「防災のために非常食を備えなきゃ」と思って、とりあえずアルファ米を買っている人は多いのではないでしょうか。
でも実は、非常食のご飯には複数の選択肢があり、選び方によって1食あたりのコストが4倍以上変わることをご存じですか?
この記事では、非常食の代表的な3つの選択肢を比較し、それぞれのメリット・デメリットを整理します。
非常食のご飯、3つの選択肢
① 湯煎のごはんパック(サトウのごはんなど)

普段から食卓に並ぶ、おなじみのパックご飯です。
- 1食あたり:約200〜240円
- 調理方法:電子レンジ2分、または湯煎15分程度
- 保存期間:製造後1年程度(長期保存タイプではない)
- 味・食感:炊きたてに一番近く、子供でも食べやすい
- 長期保存タイプはもっと値段が高い
メリットは圧倒的な手軽さです。停電時でもカセットコンロがあれば湯煎で温められますし、電子レンジがあれば普段使いもできます。
デメリットは、保存期間の短さです。「買ったまま存在を忘れる」タイプの備蓄には向いていないため定期的にチェックし、期限が近づいたら買い換えなければなりません
② アルファ化米

非常食の定番として広く知られている商品です。
- 1食あたり:約400〜410円
- 調理方法:お湯または水を注ぐだけ
- 保存期間:5年程度
- 味・食感:まずまずだが、好みが分かれることも
メリットは5年という長い保存期間と、調理器具がなくても水さえあれば食べられる手軽さです。
デメリットは、実は3つの選択肢の中でもっとも1食あたりの単価が高いという点です。また、食感や味が独特で、特に子供は「口に合わなくて食べない」というケースも少なくありません。せっかく備蓄しても、いざという時に食べてもらえなければ意味がなくなってしまいます。
③ いつもの生米+炊飯袋
普段食べている生米
真空パックタイプなどが販売されており、非常時には「炊飯袋」という道具で炊きます
この炊飯袋が凄いんです!
- 1食あたり:約90円(商品や購入量によって変動)
- 調理方法:カセットコンロ+鍋+炊飯袋+水
- 味・食感:炊きたてご飯そのもの
メリットは圧倒的なコストの安さと、炊きたてご飯の美味しさです。
炊飯袋は綿100%の袋にお米と水を入れて茹でるだけというシンプルな仕組みで、水加減も気にする必要がありません。
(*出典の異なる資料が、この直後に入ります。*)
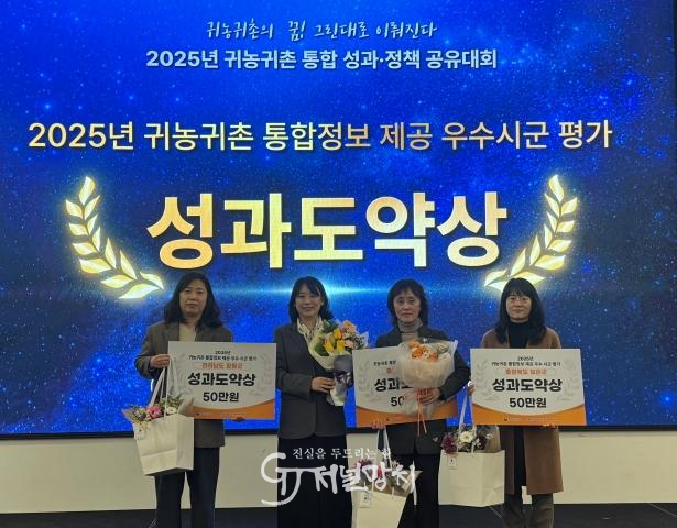 농림축산식품부 주관 귀농귀촌 통합정보 제공 우수 시군 평가에서는 귀농귀촌 관련 지원사업과 교육·체험 프로그램 정보를 체계적으로 제공해 예비 귀농귀촌인의 정보 접근성과 정책 활용도를 높인 점이 긍정적인 평가를 받으며 성과도약상을 수상했다.

しかも湯煎のごはんパックは鍋の中で同時に温められるのが2個程度が限界ですが、炊飯袋なら4個同時に炊くことも可能です。
デメリットは、調理にカセットコンロと鍋が必須になる点です。また、生米の保存期間は精米の状態や保存方法によって差があるため、「何年でも放置できる」という商品ばかりではありません。
しかしお米って毎月購入しますよね
ローリングストックで保管することをお勧めします
ローリングストックとは、食べて買い足しながら常に新しいものをストックする方法です
非常食は気が付かない間に期限が切れていて新たに買わなくてはいけません・・・
しかし保存してある種類なども把握でき
いざと言うきに期限切れで使えないなんて事も大丈夫ですよね!
比較表
それぞれを表にしてみました
| 湯煎ごはんパック | アルファ化米 | 生米+炊飯袋 | |
|---|---|---|---|
| 1食あたり価格 | 約200〜240円 | 約400〜410円 | 約90円 |
| 調理方法 | レンジ・湯煎 | 水/お湯を注ぐ | カセットコンロ+鍋+炊飯袋 |
| 保存期間 | 約1年 | 約5年 | 商品による(要確認) |
| 味 | 炊きたてに近い | 人を選ぶ | いつもの炊きたてご飯 |
| 手間 | 少ない | 一番少ない | 少しある |
結局、どれを選べばいいのか
答えは「正解はひとつではない」です。
- とにかくラクに備えたい人 → アルファ化米
- 味と手間のバランスを取りたい人 → 湯煎のごはんパック(こまめな入れ替え前提)
- コストを抑えつつ美味しく備えたい人 → 生米+炊飯袋
高い非常食を買うことだけが正解ではありません。家族構成など自分の暮らしに合った備え方を、この機会に見直してみてはいかがでしょうか。
※価格は記事作成時点の目安です。購入時は最新の価格をご確認ください。 ※生米の保存期間は商品によって異なります。長期保存を謳う商品を選ぶ場合は、包装方法(脱酸素剤・炭酸ガス封入など)を必ず確認してください。